One Saturday a month, at an apiary at a community garden in West Jacksonville, about a dozen beekeepers talk among themselves and compare bee notes.
They speak their own language: “The queen has already gone in and filled out 10 frames on that super … with capped brood … I mean she just went in there and went ape crazy.”
One of those beekeepers is Carol McBryde of Jacksonville, who started tending to bees more than 40 years ago as a hobby. She has about eight hives in her big backyard and a few customers she provides honey to.
McBryde says today’s burning question is “Where’d all the honey go?” The honey flow in the spring was a lot less than it has been in the past.
Bees today are threatened by parasites, pesticides and climate change. The nearly 3 million bee colonies in the U.S. is less than half what it was in the mid 20th century, and it has remained flat since the early 2000s.
“And most of us long-term beekeepers got little or no honey this year,” McBryde said. “So it’s probably environmental. I think the rain just washed the nectar and pollen off the plants, is why we didn’t get the honey flow that we normally get during that season.”
Helping to answer questions like that is mentor Michael Leach, who with his wife, Christie, owns Bee Friends Farm in Jacksonville.

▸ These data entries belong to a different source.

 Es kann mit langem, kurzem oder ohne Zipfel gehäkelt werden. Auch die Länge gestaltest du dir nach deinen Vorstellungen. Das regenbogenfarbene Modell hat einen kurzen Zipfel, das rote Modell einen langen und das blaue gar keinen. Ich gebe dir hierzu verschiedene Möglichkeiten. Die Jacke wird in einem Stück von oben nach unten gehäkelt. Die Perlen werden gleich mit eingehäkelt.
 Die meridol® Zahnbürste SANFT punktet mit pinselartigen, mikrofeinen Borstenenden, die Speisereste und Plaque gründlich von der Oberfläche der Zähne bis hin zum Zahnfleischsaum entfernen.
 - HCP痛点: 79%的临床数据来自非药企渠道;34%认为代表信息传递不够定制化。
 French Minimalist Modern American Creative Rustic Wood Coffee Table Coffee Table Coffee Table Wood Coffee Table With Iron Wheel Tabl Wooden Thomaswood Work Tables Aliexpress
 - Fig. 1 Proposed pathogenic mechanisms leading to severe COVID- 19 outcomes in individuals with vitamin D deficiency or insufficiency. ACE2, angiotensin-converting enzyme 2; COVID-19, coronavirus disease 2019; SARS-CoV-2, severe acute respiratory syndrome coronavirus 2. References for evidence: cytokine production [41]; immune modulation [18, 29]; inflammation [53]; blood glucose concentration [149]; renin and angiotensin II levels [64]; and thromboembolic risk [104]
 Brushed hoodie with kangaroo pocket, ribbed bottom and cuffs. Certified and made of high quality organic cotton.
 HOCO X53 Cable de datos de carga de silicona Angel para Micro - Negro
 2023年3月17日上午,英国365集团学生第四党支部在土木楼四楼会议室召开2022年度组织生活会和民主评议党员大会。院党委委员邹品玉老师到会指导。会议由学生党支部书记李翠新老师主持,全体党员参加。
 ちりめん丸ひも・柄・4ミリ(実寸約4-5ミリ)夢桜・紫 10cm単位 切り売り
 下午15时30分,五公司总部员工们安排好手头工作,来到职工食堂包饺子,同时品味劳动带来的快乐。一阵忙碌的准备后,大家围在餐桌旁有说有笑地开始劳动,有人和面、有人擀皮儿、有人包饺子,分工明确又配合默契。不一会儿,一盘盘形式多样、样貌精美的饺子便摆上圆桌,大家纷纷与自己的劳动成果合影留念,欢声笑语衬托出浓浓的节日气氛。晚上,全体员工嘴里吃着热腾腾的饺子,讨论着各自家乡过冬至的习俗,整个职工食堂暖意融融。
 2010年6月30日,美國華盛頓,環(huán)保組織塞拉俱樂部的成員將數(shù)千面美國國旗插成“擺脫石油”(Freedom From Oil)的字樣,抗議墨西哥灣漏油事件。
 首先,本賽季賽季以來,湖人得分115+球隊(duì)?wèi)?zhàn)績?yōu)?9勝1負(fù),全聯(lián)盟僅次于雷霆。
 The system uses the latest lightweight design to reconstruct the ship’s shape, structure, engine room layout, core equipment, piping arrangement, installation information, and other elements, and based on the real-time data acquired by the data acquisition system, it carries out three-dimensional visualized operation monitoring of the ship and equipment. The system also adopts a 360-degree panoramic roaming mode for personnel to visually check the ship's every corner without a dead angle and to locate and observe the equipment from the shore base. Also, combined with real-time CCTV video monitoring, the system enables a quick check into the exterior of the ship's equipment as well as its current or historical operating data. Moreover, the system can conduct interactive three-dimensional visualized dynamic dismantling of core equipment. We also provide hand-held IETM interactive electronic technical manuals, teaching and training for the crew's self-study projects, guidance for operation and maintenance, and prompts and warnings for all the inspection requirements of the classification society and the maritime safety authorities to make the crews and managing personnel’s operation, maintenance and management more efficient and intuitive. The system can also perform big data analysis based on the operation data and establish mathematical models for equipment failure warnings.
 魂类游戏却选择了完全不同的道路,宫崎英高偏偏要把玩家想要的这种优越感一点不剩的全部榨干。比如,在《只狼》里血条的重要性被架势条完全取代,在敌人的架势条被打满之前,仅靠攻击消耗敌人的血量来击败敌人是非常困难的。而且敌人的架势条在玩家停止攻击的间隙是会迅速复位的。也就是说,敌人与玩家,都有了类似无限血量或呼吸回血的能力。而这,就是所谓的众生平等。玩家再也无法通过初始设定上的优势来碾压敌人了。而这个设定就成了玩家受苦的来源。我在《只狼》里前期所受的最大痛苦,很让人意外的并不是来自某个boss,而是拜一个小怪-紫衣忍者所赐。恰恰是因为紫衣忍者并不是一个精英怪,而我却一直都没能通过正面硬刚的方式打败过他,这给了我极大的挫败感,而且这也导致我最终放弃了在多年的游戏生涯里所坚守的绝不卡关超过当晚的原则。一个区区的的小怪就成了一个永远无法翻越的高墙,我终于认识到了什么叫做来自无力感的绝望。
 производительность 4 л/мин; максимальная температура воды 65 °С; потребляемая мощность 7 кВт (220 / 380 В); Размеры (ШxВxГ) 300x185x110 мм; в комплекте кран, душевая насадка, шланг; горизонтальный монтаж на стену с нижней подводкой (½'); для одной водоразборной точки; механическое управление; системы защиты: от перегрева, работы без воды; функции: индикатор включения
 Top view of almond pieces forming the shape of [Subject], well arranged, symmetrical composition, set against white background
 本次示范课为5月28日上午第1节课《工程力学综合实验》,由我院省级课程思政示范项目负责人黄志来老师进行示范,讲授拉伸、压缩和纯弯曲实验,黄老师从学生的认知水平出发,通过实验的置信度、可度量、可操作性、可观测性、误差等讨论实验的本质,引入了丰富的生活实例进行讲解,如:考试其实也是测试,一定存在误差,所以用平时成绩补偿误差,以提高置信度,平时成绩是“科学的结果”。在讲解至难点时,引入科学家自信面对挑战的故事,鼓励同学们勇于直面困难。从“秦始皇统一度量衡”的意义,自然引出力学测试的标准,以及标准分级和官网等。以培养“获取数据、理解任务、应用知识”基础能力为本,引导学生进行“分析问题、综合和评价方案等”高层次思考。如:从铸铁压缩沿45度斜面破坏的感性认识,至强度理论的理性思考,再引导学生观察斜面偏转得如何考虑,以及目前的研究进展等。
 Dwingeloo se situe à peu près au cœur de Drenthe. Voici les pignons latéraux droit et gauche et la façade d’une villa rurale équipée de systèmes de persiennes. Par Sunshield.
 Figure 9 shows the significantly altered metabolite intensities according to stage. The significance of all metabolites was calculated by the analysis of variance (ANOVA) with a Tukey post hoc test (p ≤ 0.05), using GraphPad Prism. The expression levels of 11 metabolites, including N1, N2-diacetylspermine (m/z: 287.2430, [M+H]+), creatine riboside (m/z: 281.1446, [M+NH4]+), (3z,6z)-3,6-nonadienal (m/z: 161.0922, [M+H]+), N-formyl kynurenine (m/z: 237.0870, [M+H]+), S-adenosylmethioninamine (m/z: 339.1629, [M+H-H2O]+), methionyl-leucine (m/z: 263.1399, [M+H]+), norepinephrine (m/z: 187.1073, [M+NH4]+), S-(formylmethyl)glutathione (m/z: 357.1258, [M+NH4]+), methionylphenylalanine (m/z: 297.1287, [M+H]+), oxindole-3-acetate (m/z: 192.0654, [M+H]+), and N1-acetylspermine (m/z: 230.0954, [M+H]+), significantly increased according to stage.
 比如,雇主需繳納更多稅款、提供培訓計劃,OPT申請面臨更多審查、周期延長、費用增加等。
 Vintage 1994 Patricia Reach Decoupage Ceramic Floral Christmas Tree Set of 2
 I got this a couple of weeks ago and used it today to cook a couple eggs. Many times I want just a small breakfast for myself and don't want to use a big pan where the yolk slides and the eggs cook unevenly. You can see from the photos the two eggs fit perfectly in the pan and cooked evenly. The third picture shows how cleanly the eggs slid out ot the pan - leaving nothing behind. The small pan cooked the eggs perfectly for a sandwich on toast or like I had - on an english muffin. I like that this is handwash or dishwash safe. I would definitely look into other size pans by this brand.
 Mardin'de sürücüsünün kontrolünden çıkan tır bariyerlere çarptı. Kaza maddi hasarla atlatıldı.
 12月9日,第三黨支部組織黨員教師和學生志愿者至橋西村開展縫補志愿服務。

In 2009, Leach started building beehives for other keepers. And he is heavily involved with the Jacksonville Beekeepers Association. Club members can ask him questions about their apiaries and why their bees are acting agitated or defensive.
“So some of the newer members that may be first year behivers will be experiencing more aggressive bees, and they’re gonna be wondering why, because of the fear of Africanized or killer bees in Florida. And so it kind of gives that alarm that maybe I do have a problem,” Leach said.
They also might talk about disease and pests. “Twenty percent of those mites are attached to the adult bee. … They’re in the comb on the cappings” — like the parasitic Varroa mite, which latches onto adult and adolescent bees returning to their colonies, and then mites’ offspring feast on bee blood.
“We want to know how high the threshold is of those mites,” Leach said. “So we’ll test for that and then if the threshold is reaching certain limits, we’ll apply treatments to the hive that will help mitigate that a little bit.”
The Jacksonville Honeybee Festival will be 10 a.m. to 4 p.m. Saturday at the Jacksonville Fairgrounds.